Step by step solution

01

Recall Hooke's Law

Hooke's Law states that the force exerted by a spring is directly proportional to its displacement from the equilibrium position, represented by -kx, where k is the force constant of the spring and x is the displacement. The equation for Hooke's Law is: \[F = -kx\]
02

Calculate work done using the work-energy theorem.
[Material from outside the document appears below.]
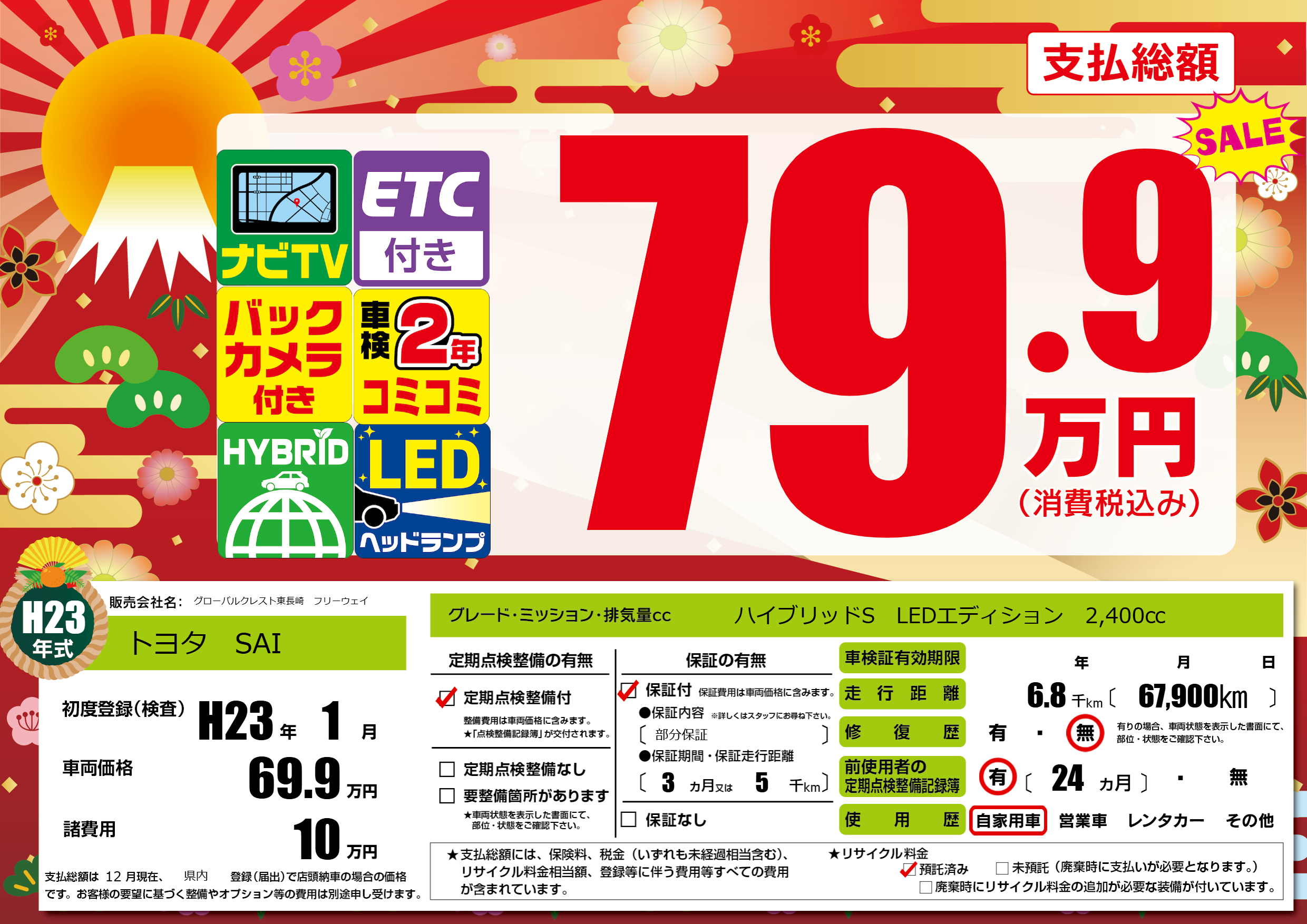 | 車名 | トヨタ SAI | グレード ミッション 排気量 |

The work-energy theorem states that the amount of work done on an object is equal to the change in its potential energy. For a spring, potential energy is given by the equation: \[U = \frac{1}{2}kx^2\] So, the change in potential energy by changing the extension from \(\ell_1\) to \(\ell_2\) is given by: \[\Delta U = U_{\ell_{2}} - U_{\ell_{1}} = \frac{1}{2}k\ell_{2}^{2} - \frac{1}{2}k\ell_{1}^{2}\] Since work done is equal to the change in potential energy, we have: \[W = \Delta U\]
03

Substitute the values for potential energy change into the work done equation and simplify.

Combining the expressions for potential energy change and work done, we have: \[W = \frac{1}{2}k\ell_{2}^{2} - \frac{1}{2}k\ell_{1}^{2}\] Factor out \(\frac{1}{2}k\) from both terms to simplify the expression: \[W = \frac{k}{2}(\ell_{2}^{2} - \ell_{1}^{2})\]
04

Compare to given choices.

Comparing the simplified expression for work done to the given choices, we can see that it matches option (D): (D) \((\mathrm{k} / 2)\left({ }_{2}^{2}-\ell_{1}^{2}\right)\) Thus, the correct choice is option (D).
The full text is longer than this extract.